Native machine code bss corruption

Posted: Fri Oct 30, 2020 12:17 pm
by agners
Using current master, I built a Python module with native code for a ESP32 board. The module loads fine, and seems to work at first. however, after a while the calculations made in native code seemed off. I failed reproducing the issue on x64. It happened on two independent boards (GENERIC and TINYPICO).

I then noticed that when I force the garbage collector between calls to my module, it started to produce the expected results. The algorithm uses a rather large struct to store its state (which is in bss).

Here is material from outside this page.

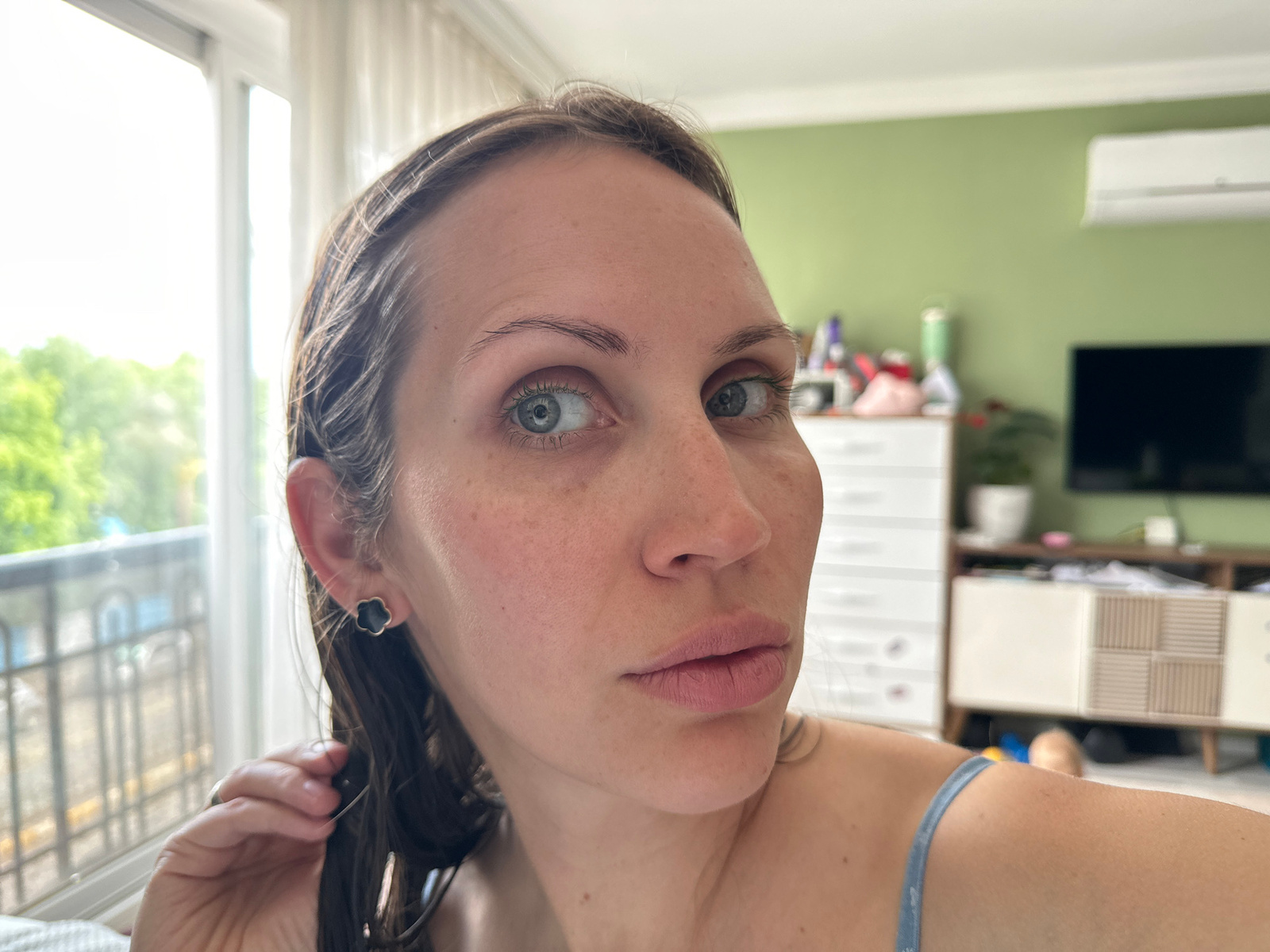 A woman with light skin and blue eyes is centered in the frame, looking slightly to her right. Her hair is wet and dark, framing her face. She is wearing a blue tank top. The background is an interior…read more

I then tried to reproduce this using the examples, and corruptions/crashes do happen from time to time when playing with the features1 example:

Code: Select all

import features1

while True:
    # Waste heap
    open("test.txt", "w+")
    # Access native python module
    test = features1.access()
    print(gc.mem_alloc())
I have to start that 2 or 3 times for things to get weird. It doesn't seem to corrupt the features1 heap (at least the value mostly look good), but it crashes from time to time and FAT file system corrupts as well.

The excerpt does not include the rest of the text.